RCBC chief economist Michael Ricafort noted that the October figure represents a 2.7 percent increase from the same month last year, adding that the sustained rise in remittances signals positive momentum for the economy.
Bright spot
“The faster and continued single-digit year-on-year growth in OFW remittances is a good signal [or a] bright spot for the overall economy as an important growth driver, especially in terms of consumer spending, which accounts for about 73 percent of the Philippine economy, thereby [supporting] faster economic [or] GDP (gross domestic product) growth in the fourth quarter,” Ricafort said.
Attractive for OFWS to convert earnings to pesos
He added that a strengthening US dollar, combined with political noise from the Trillion Peso March and Baha sa Luneta anti-corruption rallies in September, “made it more attractive” for OFWs to convert their earnings into pesos to finance household spending in the Philippines.
For the first 10 months of 2025, remittances totaled $29.20 billion, with the United States remaining the top reported source of foreign exchange inflow, accounting for 42.3 percent or roughly $12.35 billion.
The BSP noted, however, that several structural factors distort the apparent dominance of US-sourced remittances.

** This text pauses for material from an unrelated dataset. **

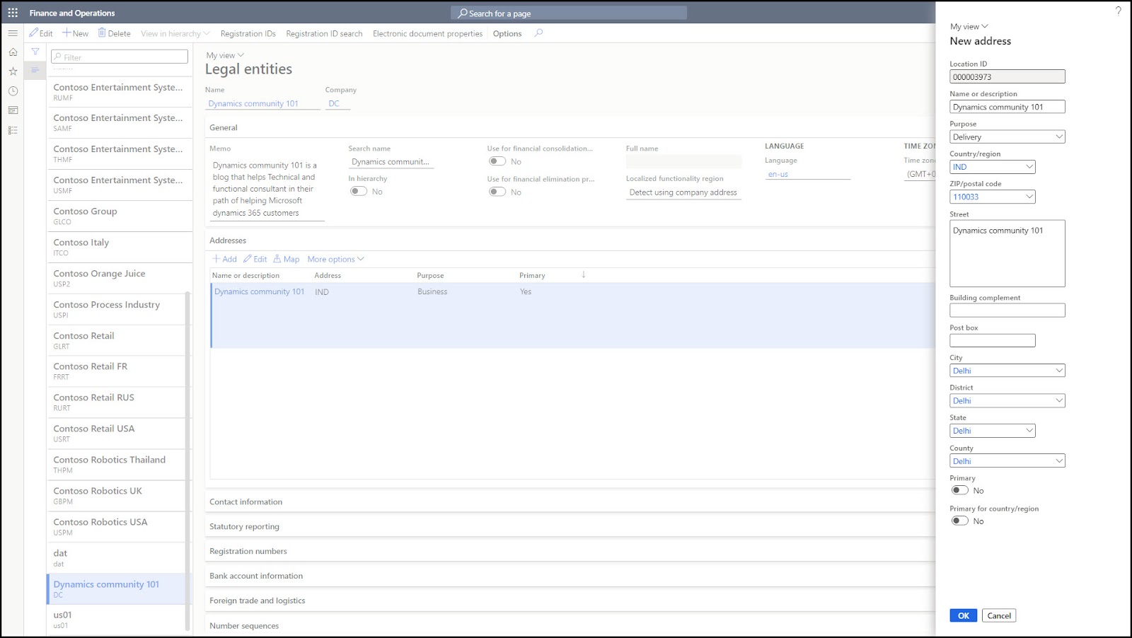 Once the legal entity is created, it will be opened automatically as shown in the below screenshot

Many foreign remittance centers route funds through correspondent banks headquartered in the United States, and money couriers often record transfers based on the location of their head offices — frequently the US — rather than the country where the remittance actually originated.
As a result, remittances appear disproportionately attributed to the United States.
Trump’s tariff policies
Ricafort said that a slowing US and global economy amid President Trump’s tariff policies may have dampened OFW remittance volumes earlier this year.